> [AVAILABLE DATA]:
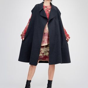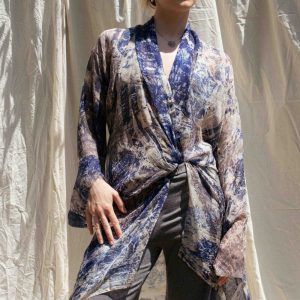 Blue printed silk chiffon kaftan-coat OLYMPE
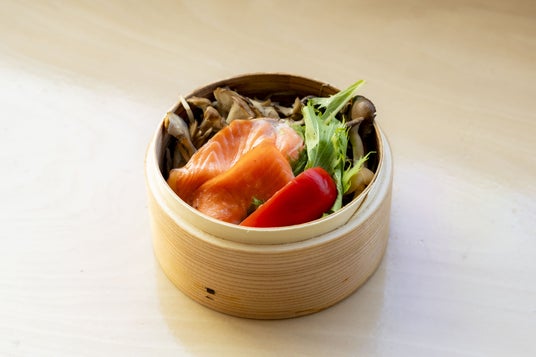 脂の乗ったサーモンと旬のきのこを使ったヘルシーで満足感のあるセイロ蒸しです。
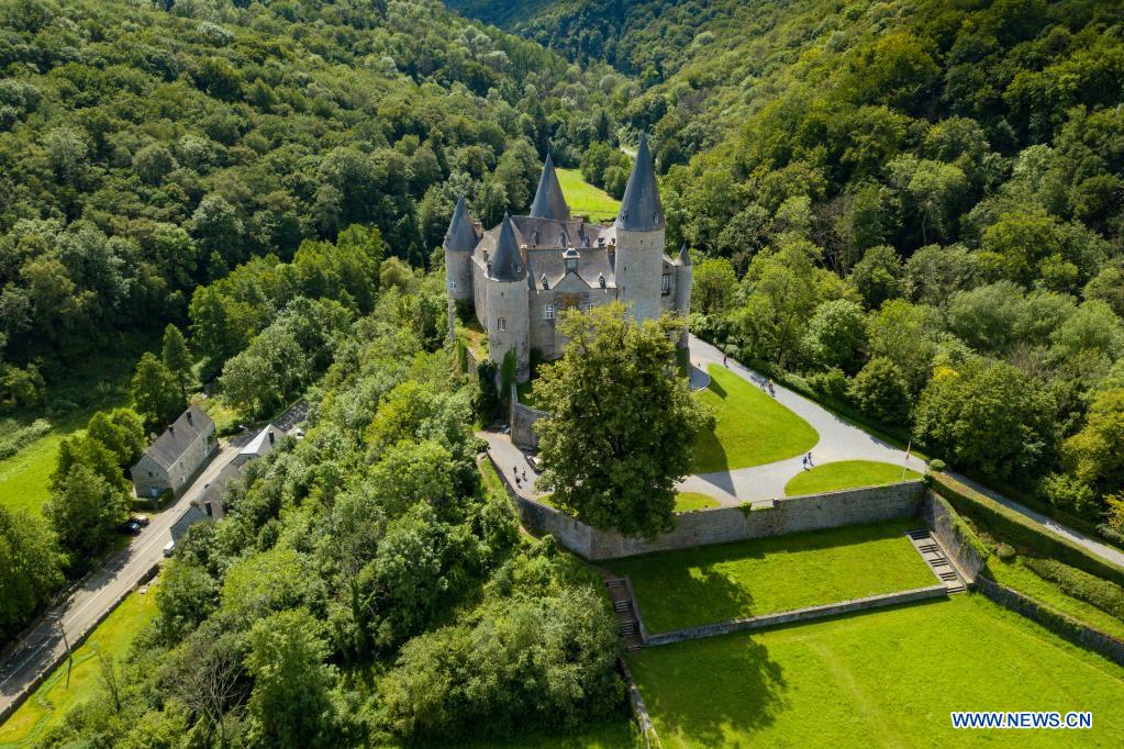Aerial photo taken on Aug. 1, 2021 shows the Castle of Celles in Houyet, Belgium. The Castle of Celles, also known as the Castle de Veves, is one of the most remarkable specimens of 15th century military architecture. Destroyed in 1200 and rebuilt in 1230, the buildings burned down at the beginning of the 15th century and were restored after the fire. The castle remained a fortress until the end of the Middle Ages. (Xinhua/Zhang Cheng)

> [PROBLEM DETAILS]: Retype the line containing "脂の乗ったサーモンと旬のきのこを使ったヘルシーで満足感のあるセイロ蒸しです。" and all lines after it through the end of the material, exactly and only those, leaving out pictures.

> [TASK RESULT]:
 脂の乗ったサーモンと旬のきのこを使ったヘルシーで満足感のあるセイロ蒸しです。
Aerial photo taken on Aug. 1, 2021 shows the Castle of Celles in Houyet, Belgium. The Castle of Celles, also known as the Castle de Veves, is one of the most remarkable specimens of 15th century military architecture. Destroyed in 1200 and rebuilt in 1230, the buildings burned down at the beginning of the 15th century and were restored after the fire. The castle remained a fortress until the end of the Middle Ages. (Xinhua/Zhang Cheng)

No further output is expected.